J.R.R. Tolkien is perhaps best known for his masterpiece The Lord of the Rings, which was the twentieth century’s second most read book, second only to the Bible. An epic film trilogy based on Tolkien’s books was produced and directed this past decade by Peter Jackson, and has garnered a whole new generation of fans. A new film trilogy based on Tolkien’s first book, The Hobbit, is making waves this decade in the film world. However, to the casual film viewer or reader of the books, it may not be known that Tolkien’s great love was linguistics. This passion for language is what inspired Tolkien to create Middle-earth; because before Middle-earth existed, the languages Tolkien created did. It would be simple to say that Tolkien was an Oxford professor of Anglo-Saxon, Middle English, and the history of the English language (Shippey 6); that he wrote a language, created a people to speak it, created a mythological story for those people, and wrote The Hobbit and The Lord of the Rings along with it. Many years later, his son Christopher Tolkien edited and published the mythology that his father had created so many years earlier as the book The Silmarillion. Fortunately for lovers of language and literature, it is not that simple. Linguistic and literary genius does not come that easy. For Tolkien, it was a lifelong ambition, even a borderline obsession. Tolkien himself stated that “the trilogy is an exercise in linguistic aesthetic” (Ugolnik 17) and that “the invention of the languages is the foundation” (qtd by Shippey 25). Of course, language wasn’t the only reason for Middle-earth. He was also a poet and a storyteller, even if many of the poems and stories were an outlet for the invented languages.
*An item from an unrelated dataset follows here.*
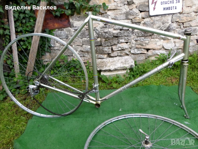Налични са само рамката със скорости и каплите. Цена рамка/скорости Шимано и верига Седис /140 лв, капли/Шимано ,Вейнман ,Атом/100 лв. Рамка /?Белгия или Франция по стила на изработката,без муфи/60 ст, 57 сс хоризонтал, леки повърхностни ръжди от лошо съхраняване.,Weinmann спирачки//Продадени//,3TTT кормило с лапа//Продадени//, капли Weinmann,Shimano//Без гуми//..BSA средно движение ,седалково колче ще намеря/добавя/.

There have been critics who have questioned why The Lord of the Rings is often referred to as literary genius; Edmund Wilson reviewed it and stated that it was “poor in form and content… [Tolkien] was basically concerned with language, anyway” (Ugolnik 17). And so he was. Most critics have brushed off, scoffed at, or adamantly refuted Wilson’s statement, anyway. Tolkien was able to write words into story because he understood them. Raynor Unwin, son of Tolkien’s publisher, said, “Tolkien’s fantasy is unique, insofar that it had a base, which was linguistic. It is solid stuff, which is nothing you can question, because he knew his stuff” (“J.R.R. Tolkien: Origins”). Tolkien’s passion and interest in language is shown through his literature, as a “vast and essential component of human existence, with all its poetic, philosophical, and social connotations” (Smith 5). As Anthony Ugolnik states, “Tolkien created a world to act as a stage for a language…[t]he languages of Middle Earth are the life’s blood of the trilogy” (18) and through that love of language, he was able to sew together language and literature; without Tolkien’s linguistic genius, the literary world may have never had The Lord of the Rings (or

LOTR). Ruth S. Noel, who compiled The Languages of Tolkien’s Middle-earth, states that “[t]he story of the evolution of the languages of Middle-earth is the story of the compelling hobby of a linguistic genius. The story of the evolution of the languages in Middle-earth is a complex tribute to Tolkien’s combined talents as linguist and storyteller” (6). J.R.R. Tolkien’s linguistic background and his invented languages, are the inspiration for and the foundation of Middle-earth’s very existence; they are the keystone of the people, their culture, and their stories.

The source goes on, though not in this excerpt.